第54話

「なあ、秀介」

「なっ、何だよ」


 どうやら僕がただならぬ様子であることは、秀介も察したらしい。思わず、といった感じで僕から一歩、遠ざかる。


「その、お前に伝えておかなければならないことがあるんだ」

「酒は控えろってか?」


 秀介は一転、おどけたように肩を竦め、苦笑いを見せた。


「いや、真面目に聞いてくれ。その、実は……」


 くそっ、決心がつかない。どうしたらいい? お前の意中の人の命は遠からず失われてしまうなどと、堂々と弟に告げられる兄がいようか?

 ちょうどその時だった。


「おはようございます、諸橋二曹!」

「おう、おはよう」


 秀介は何げなく、声をかけてきた兵士に返礼した。


「小会議室で隊長がお呼びです。ご同道を」

「了解」


 秀介はその兵士に頷いて見せ、返礼する。


「ま、そういうわけだから、じゃあな、兄貴!」


 と鷹揚に手を振って、彼は来た道を戻っていった。


 結局、伝えられなかったな……。僕は腰に手を当て、かぶりを振って、これからどうしようか考えた。

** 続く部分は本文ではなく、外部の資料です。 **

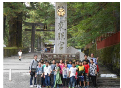
東照宮の石碑の前で
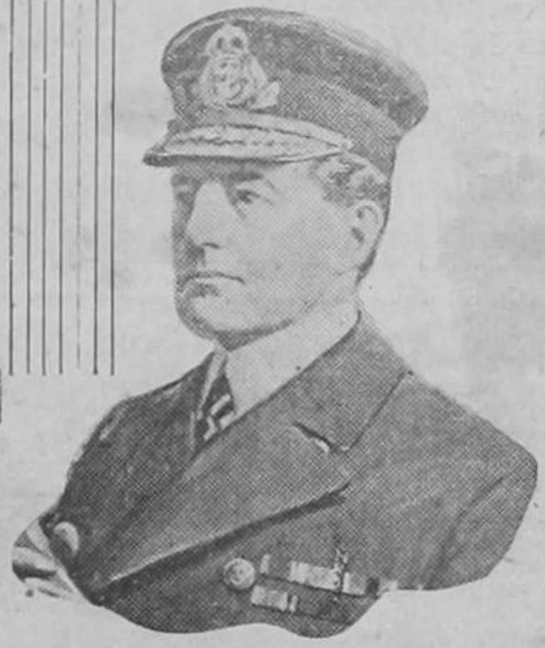
ALMIRANTE BEATTY, heroe de la batalla de Jutlandia, fallecido anoche.

¡Diga el estimable lector si contemplando esos cuadros de nuestra campiña, no siente dulces sensaciones y nostalgias infinitas!
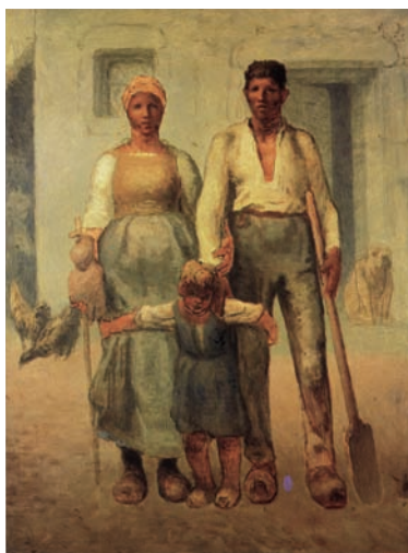
《農民の家族》1871-72年 油彩・カンヴァス ウェールズ国立美術館蔵 Lent by Amgueddfa Cymru - National Museum Wales
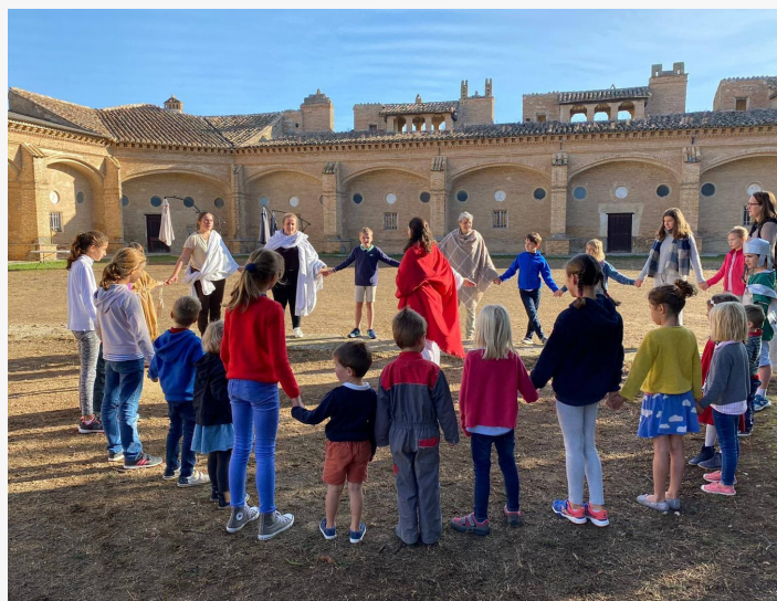
Le weekend, nous organisons des grands jeux pour les enfants !

Voici ma "frat" ! = petit groupe intergénérationnel où l'on partage ce que nous vivons, pendant ce temps de formation. C'est l'occasion de belles discussions et partages !
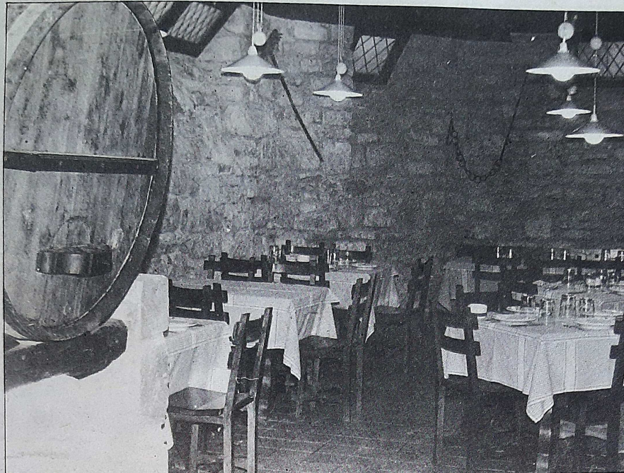
Ahora, se utiliza más la manzana en la cocina.

Asimismo, las ensaladas están evolucionando hacia cotas que hace algún tiempo serían insospechadas. Ahora, están tomando un cariz especial ensaladas con una salsa rosa
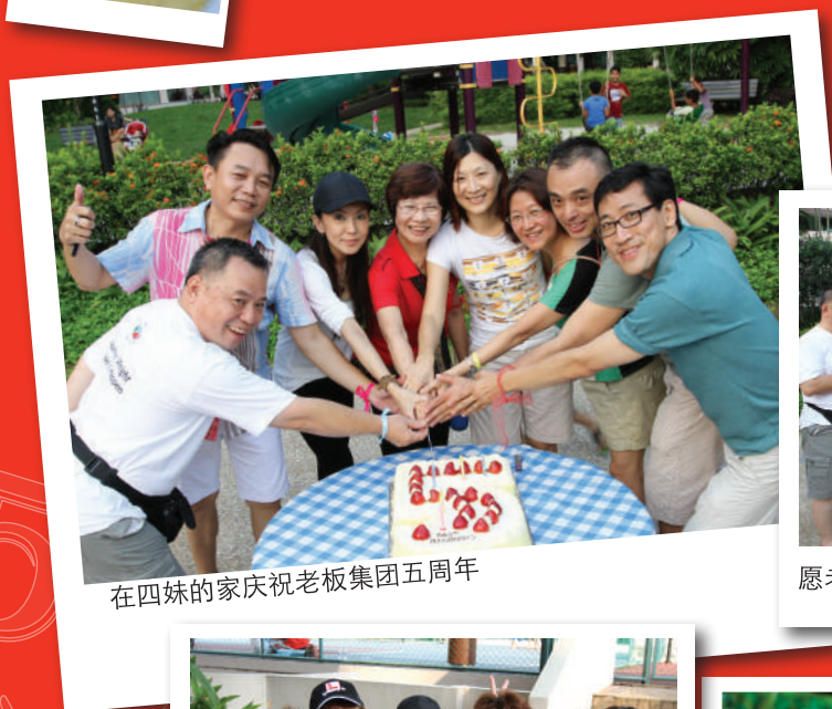
在四妹的家庆祝老板集团五周年
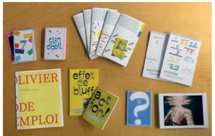
Les livrets du Studio de poche Olivier Rebufa
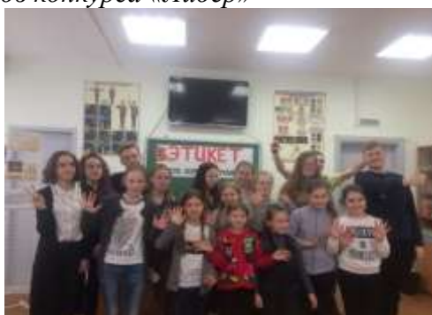
Этикет или хорошие привычки
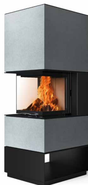
Mel 55 Beton hell
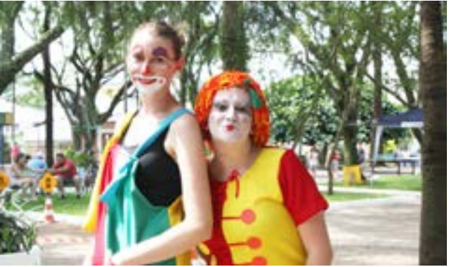
Palhaços e personagem Emília animaram as crianças

 やっぱり、看護室には行っておこう。秀介は元気になったからいいとしても、他の兵士たちの見舞いに行くのは、やはり礼儀だろう。僕を守ってくれたのだから。


 そう思いながら、僕は廊下を進み、看護室の入り口に到着した。

 しかし、


「そっち、部品外して」

「はい」

「ここのスライド、壊れてるから」


 看護師たちの声がする。おかしい。看護室のドアが壊れているとは聞いていない。思い出したのは、秀介に盗み聞きされた時のドクターの研究室のドアだ。建てつけが悪くなっているのだろうか。


「おはようございます」


 僕は心持ち声を低めながら、看護室を覗き込んだ。


「ああ、諸橋博士。おはようございます」


 応じたのは、一番年嵩の医師だった。スライドドアと格闘している。いや、これはドアと呼べるのか? 完全にスライド部分のレールから外れているではないか。

 そっと中を覗き込むと、大変な有様だった。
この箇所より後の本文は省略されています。